Americans with Disabilities Act

The University of Texas at Arlington is on record as being committed to both the spirit and letter of federal equal opportunity legislation; reference Public Law 93112 -- The Rehabilitation Act of 1973 as amended. With the passage of new federal legislation entitled Americans With Disabilities Act - (ADA), pursuant to section 504 of The Rehabilitation Act, there is renewed focus on providing this population with the same opportunities enjoyed by all citizens. As a faculty member, I am required by law to provide "reasonable accommodation" to students with disabilities, so as not to discriminate on the basis of that disability. Student responsibility primarily rests with informing faculty at the beginning of the semester and in providing authorized documentation through designated administrative channels.

Academic Integrity

It is the philosophy of The University of Texas at Arlington that academic dishonesty is a completely unacceptable mode of conduct and will not be tolerated in any form. All persons involved in academic dishonesty will be disciplined in accordance with University regulations and procedures.

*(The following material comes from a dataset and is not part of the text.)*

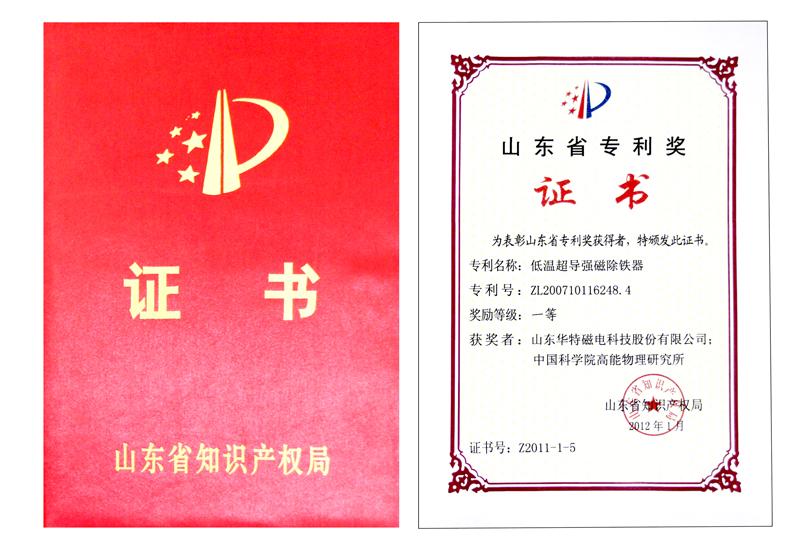 “低溫超導(dǎo)強(qiáng)磁除鐵器”榮獲山東省發(fā)明專利一等獎(jiǎng)

Discipline may include suspension or expulsion from the University. "Scholastic dishonesty includes but is not limited to cheating, plagiarism, collusion, the submission for credit of any work or materials that are attributable in whole or in part to another person, taking an examination for another person, any act designed to give unfair advantage to a student or the attempt to commit such acts." (Regents' Rules and Regulations, Part One, Chapter VI, Section 3, Subsection 3.2, Subdivision 3.22)

Grade Appeal Policy

If you do not believe a grade on a particular assignment is correct, you may appeal the grade in writing (email) within 5 class days. Grade appeals must be ppealed to the appropriate GTA firstly, then to your instructor if necessary. Please refer to the UTA Catalog for the detailed guide of grade appeals.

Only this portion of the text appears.